アルバイトであっても働いている以上はだいぶ生活が楽になってきた。

 

楽になったって言ってももちろん贅沢はできない、まだ同い年の人並みにも稼げていない。でも彼女と遊びに行った時に彼女にお金の心配を掛けなくなったのは男としても、人間としても情けないなぁ…という気持ちは少なくなってくる。

 

フリーターのささやかな楽しみ

 

仕事の上がりにちょっとしたお菓子を買って帰ったり、仕事の休憩時間にコンビニから四谷消防署を挟んで西にあるドコモショップで端末のモックを物色して研究するのがフリーターの僕のささやかな楽しみだった。

 

 

ドコモショップへ行くと、店頭にかっこいいスマホやガラケーが並んでいる。

 

ふとまた新卒で入った会社の事を思い出した。

 

新卒で入った会社は某大手通信商社で、僕は研修の一環で某キャリアショップでショップ対応の研修を受けたこともあったからだ。

 

僕が最終的に配属されたのは商品企画部、その当時格安SIMという言葉はまだ存在しなかったが、僕が居た課の当時のメイン商材は今で言う格安SIMそのもの。
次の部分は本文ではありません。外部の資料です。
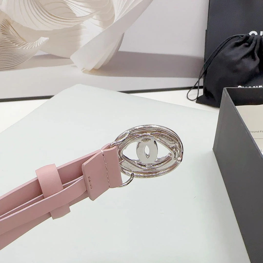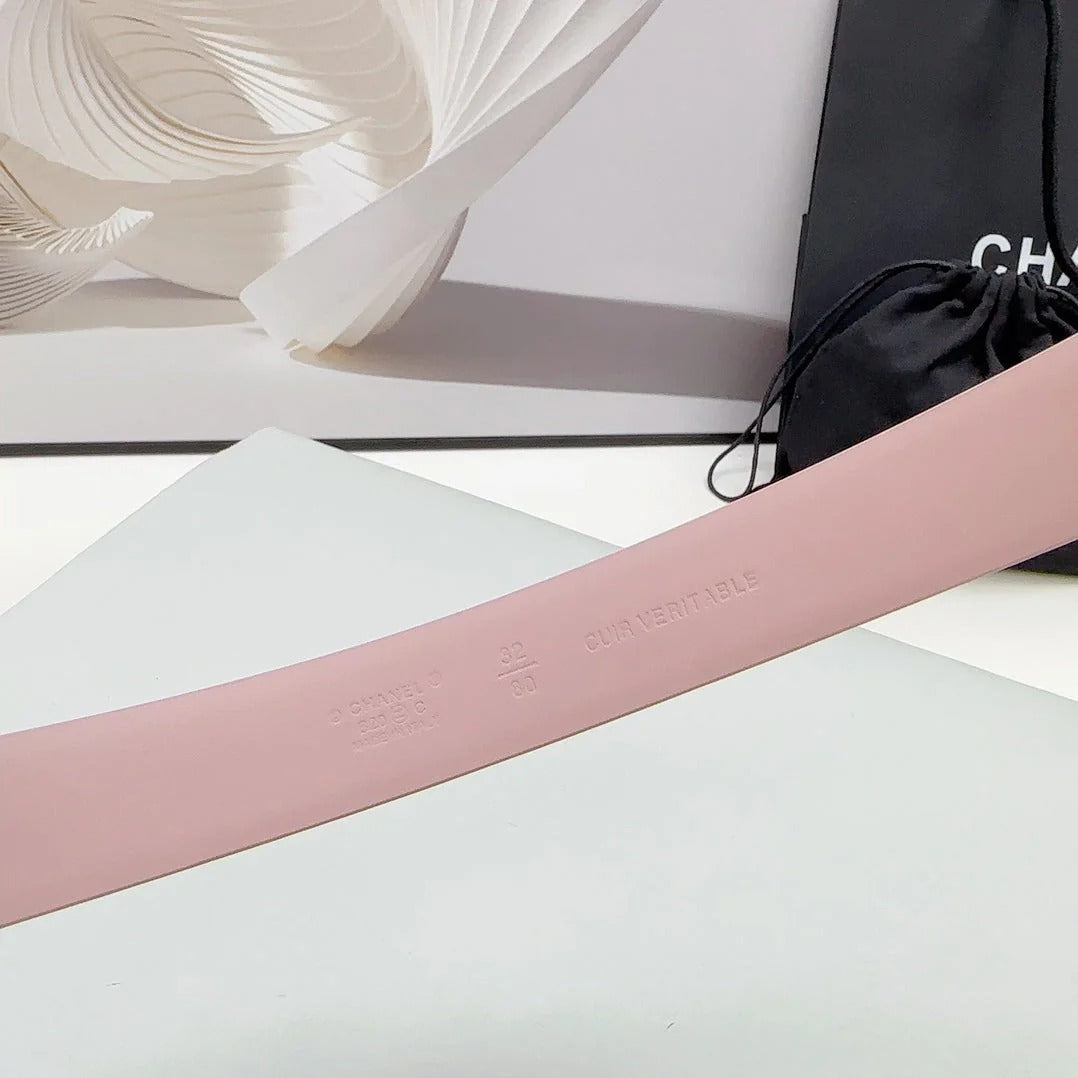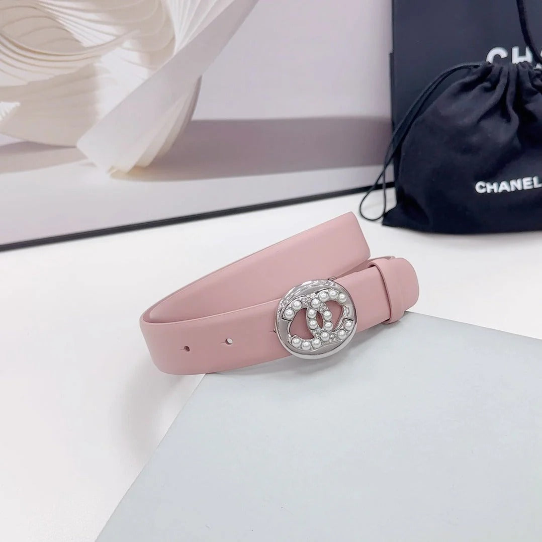 CC 30MM BELT IN FLAMINGO PINK CALFSKIN SILVER HARDWARE ATTACH PEARLS
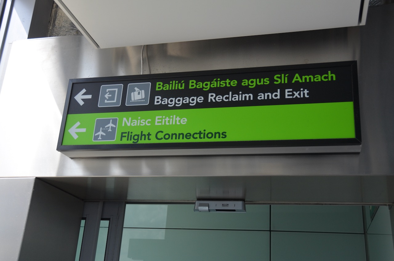 We were stamped into Ireland at the airport, having a received a green passport stamp. We had our first sighting of Irish or Gaelic language on the signs at the Dublin International Airport.
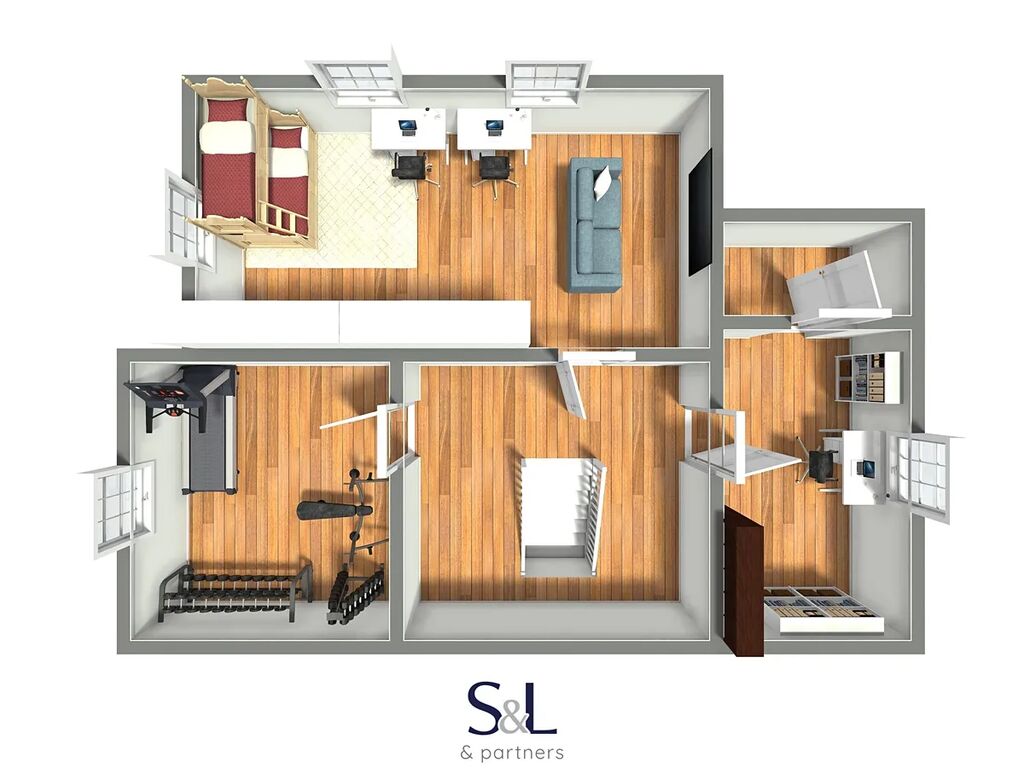 2. patro: 3 pokoje, dílna
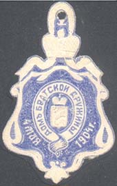 1904 г. 04.05.1904 г. Виньетка в виде щитка сложной формы разм. 28 х 45 мм с ушком для крепления. Одноцветная печать на белой бумаге с тиснением. Изображение знака одного из благотворительных обществ.
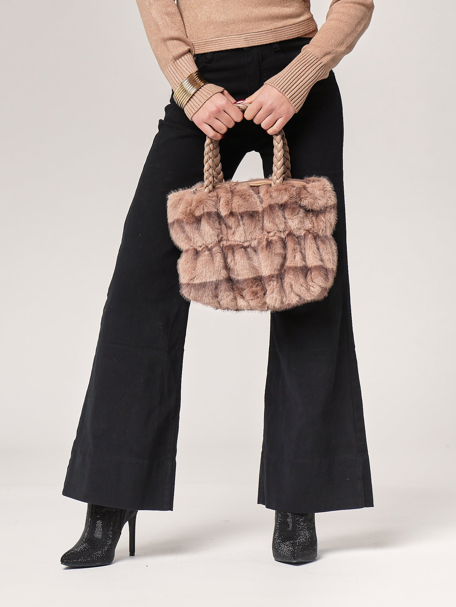 Borsa in pelliccia con manici intrecciati, un accessorio morbido e femminile che aggiunge un tocco cozy ai look di stagione. La texture soffice e la struttura compatta la rendono perfetta per completare outfit casual chic o combinazioni più eleganti.
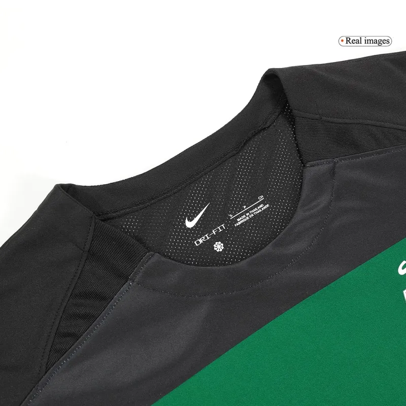 The 2024/25 home jersey honors Sporting’s timeless visual identity while introducing contemporary style. The design is dominated by the legendary vertical green and white stripes, a pattern that has become synonymous with the club’s fighting spirit and success for over a century. This season’s stripes are presented with a modern, clean aesthetic, ensuring a sharp and classic look.
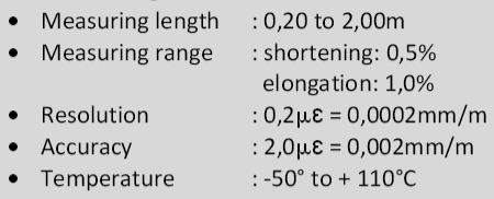 Temperature compensated FBG (Fiber Bragg Grating) sensors for embedding in or mounting on the structure. Their relative large measuring length renders these sensors ideally suitable for structures of relative heterogeneous construction materials such as reinforced concrete. The sensors can be instalied in series.
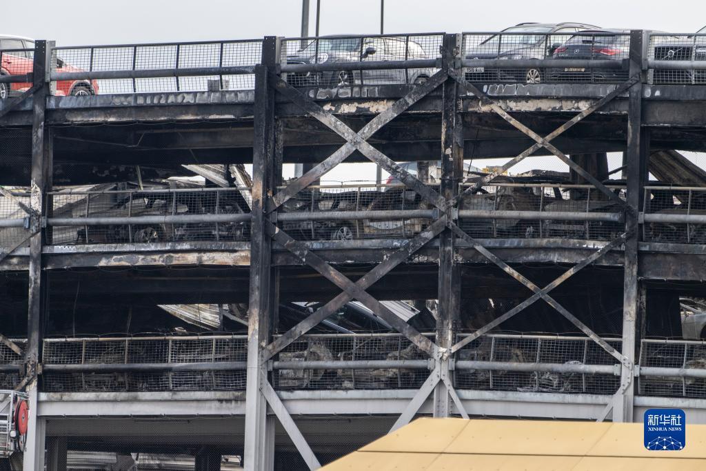 這是10月11日在英國倫敦盧頓機場(chǎng)航站樓拍攝的失火停車(chē)場(chǎng)。
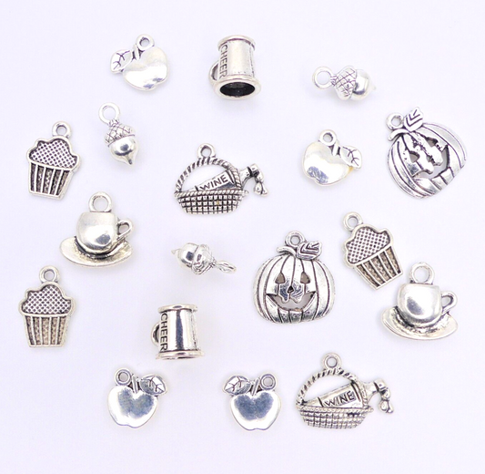 18 Food Picnic Autumn Theme Tibetan Silver Metal Charms
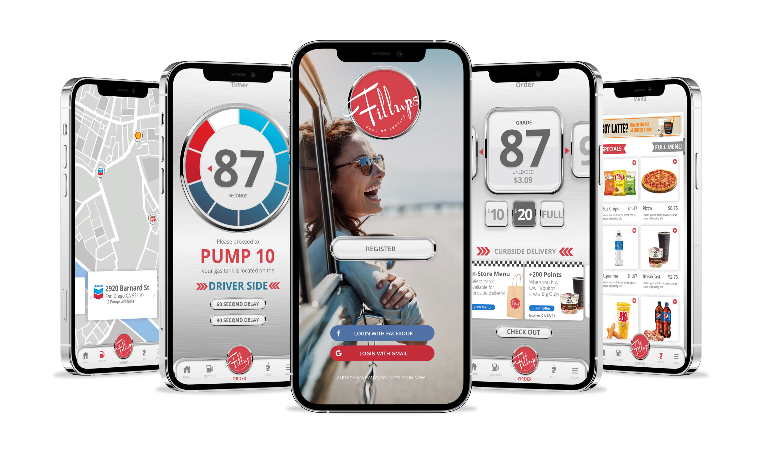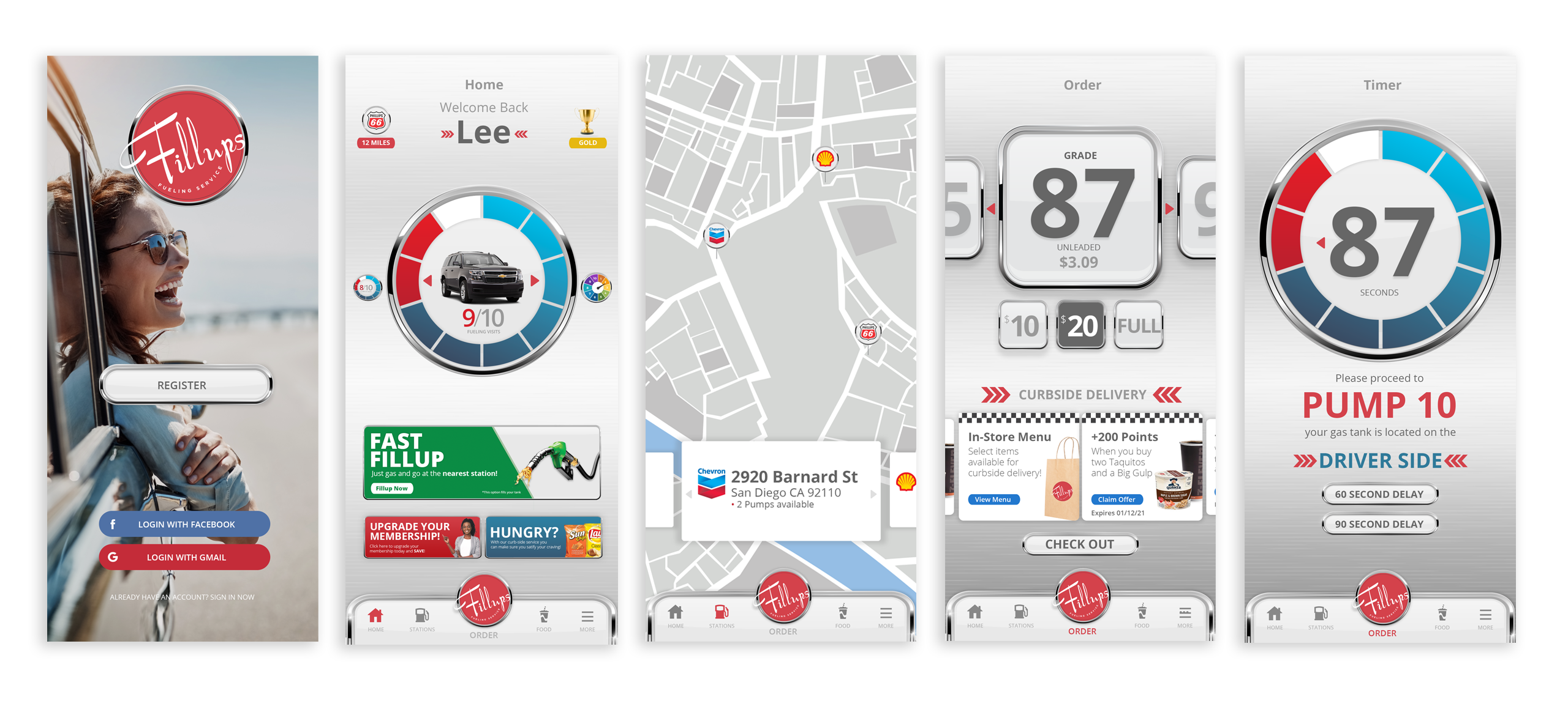 To capture the spirit of “the good old days,” our team crafted a series of mood boards that transported the client—and eventually the user—back to the golden era of full-service gas stations. Inspired by 1950s Americana, we curated visuals that blended bold chrome accents, checkered flooring patterns, retro typography, and a red-and-silver palette reminiscent of vintage signage and service uniforms. This nostalgic vibe became the cornerstone of the Fillups brand—striking a unique balance between modern convenience and classic charm. The result is an app experience that feels instantly familiar, friendly, and fun.
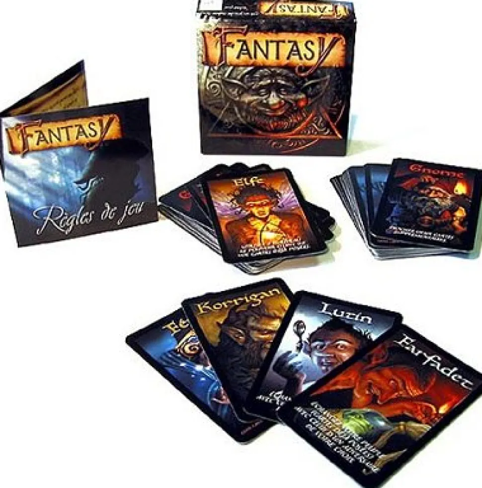 Abracadabrantesque !Il y a encore quelques forêts petites et secrètes, inconnues des humains comme celle de Fantasy. On y trouve toute une fanfare bruyante de créatures magiques. Des farfadets, elfes, korrigans et autres dryades, et même des fées toutes chétives ou des gnomes tout barbus.Et voilà qu’elles décident de se choisir un chef !Après moult chamailleries, on décide de venir autour d’une grande table.Commence alors un formidable fracas magique !De biens étranges pouvoirs Fantasy est un petit jeu de cartes rapide et simple (ce qui ne l’empêchera pas de mettre à l’épreuve votre sens tactique et votre mémoire !). Chaque joueur dispose de 5 cartes en main appartenant à l’un des huit peuples du jeu. Chacune de ces cartes représente l’une des différentes créatures qui peuplent la forêt et chaque peuple dispose d’un pouvoir unique.Le but du jeu est de disposer du plus grand nombre de cartes posées devant vous à la fin de la partie. Pour cela, à chaque fois que c’est votre tour, vous jouez l’une des cartes que vous avez en main en la posant devant vous et en appliquant son pouvoir. Au gré des tours, vous allez pouvoir subtiliser des cartes à vos adversaires (celles qu’ils vous avaient prises ?), retourner des cartes déjà posées dans votre main, échanger des cartes etc.À vous de conserver vos cartes pour le bon moment et à bien cacher votre jeu. Si votre peuple s’agrandit trop vite, vous pourriez bien devenir la cible d’adversaires jaloux !Durée d’une partie : 15 minutes.De 2 à 4 joueurs.Notre avis Un thème tout particulièrement apprécié des juniors dans un format très pratique pour l’emporter chez les copains. Un petit cadeau très sympathique !Note : retrouvez Fantasy II sous la référence Asmodee-KG23.
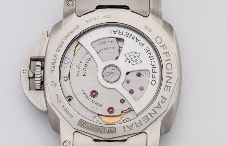 ▲P. 9010機芯現在已經逐步取代9000系,成為沛納海中等尺寸泛用款式的基礎型號,它除了在性能上改成了有助於穩定度的橫跨式擺輪錶橋,更有感的是減少了厚度,讓錶款得以做得更薄。
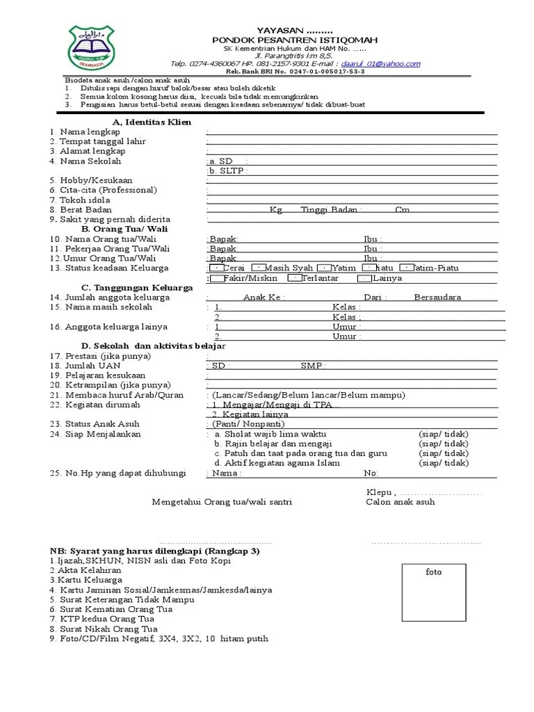 Download contoh blangko formulir pendaftaran santri rumah tahfidz.
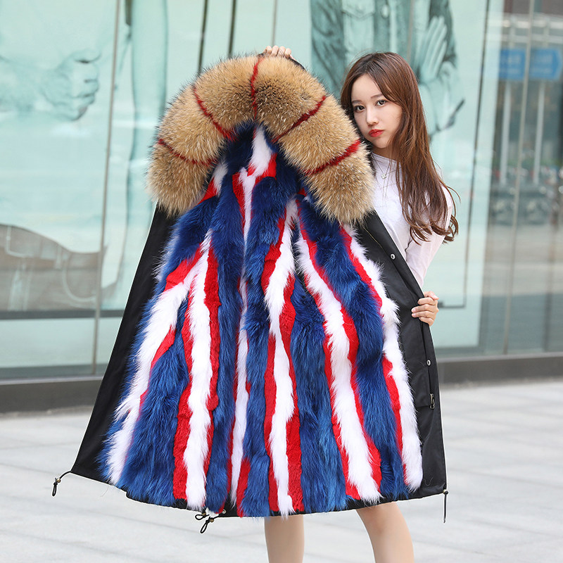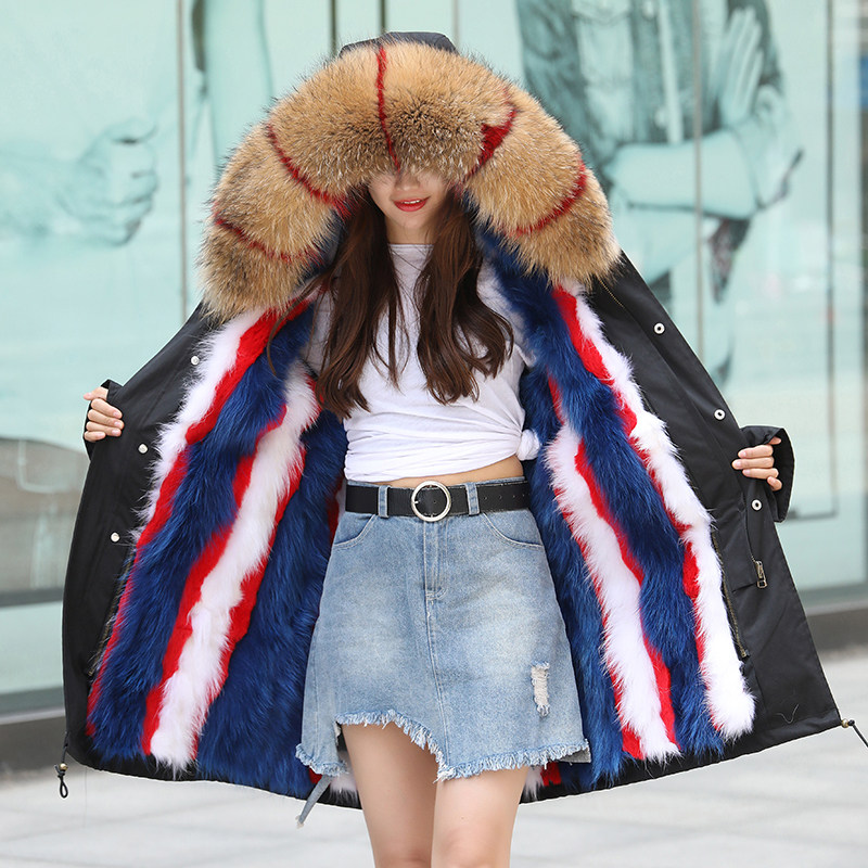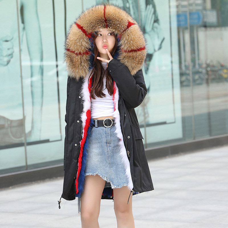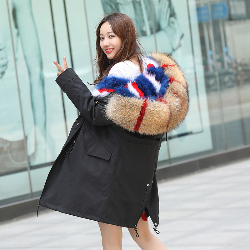 Женская куртка с капюшоном свободная длинная меховым воротником в Корейском

これをどうにか他の商材と組み合わせて売れないかを考える事業部に居た。

 

そこに配属されてから紆余曲折あって、直の上司に帰りの池袋駅の東口改札の中で「このまま仕事の姿勢が変わらないようだと、僕は必ず課長に君は商品企画部に向いていないと報告する!」と言われたことも思い出した。

 

その時、僕は自分の仕事に対する姿勢のどこがどう悪いのか、どうしたら改善されるのかさっぱり分かっていなかった。

 

そして何よりも商品企画部で一番大切とも言える社内コミュニケーション能力が一番欠如していたのだ。

 

法人のお客さんにモノを買ってもらうコミュニケーションスキルももちろん大切だと思う、でもそれ以上に社内でのコミュニケーションスキルもまた大切だったのだ。それは自分の頭では会社を辞めてからやっと気付いた。

 

人とコミュニケーションを上手く取れないと人とする仕事は崩壊する。そんなことも分かっていなかった。

 

でも当時はそれでも自分は真面目にやってると思い込んでいた。朝から晩まで会社にカンヅメなわけだし。。

 

会社を辞めるという大きな決断をした(僕の場合は大きな代償を払ったが正しいのかも)が、会社を辞めてから自分の何が足りなかったか、何がダメだったのか、社内コミュニケーションがなぜ上手くいかなかったか、が僅かでも理解できただけまだ良かったと思う。

 

年始はコンビニのおせち料理を食す

 

三が日がすぎたある日、お店の副店長に「サイハンくん、これ食べて帰ったら?」と3重に連なるおせち料理をもらった。

 

お店の決まり(方針)で食品は持ち帰ってはいけないことになっている。そのおせち料理、これをここでなら食べていいとの許可が出たのだ。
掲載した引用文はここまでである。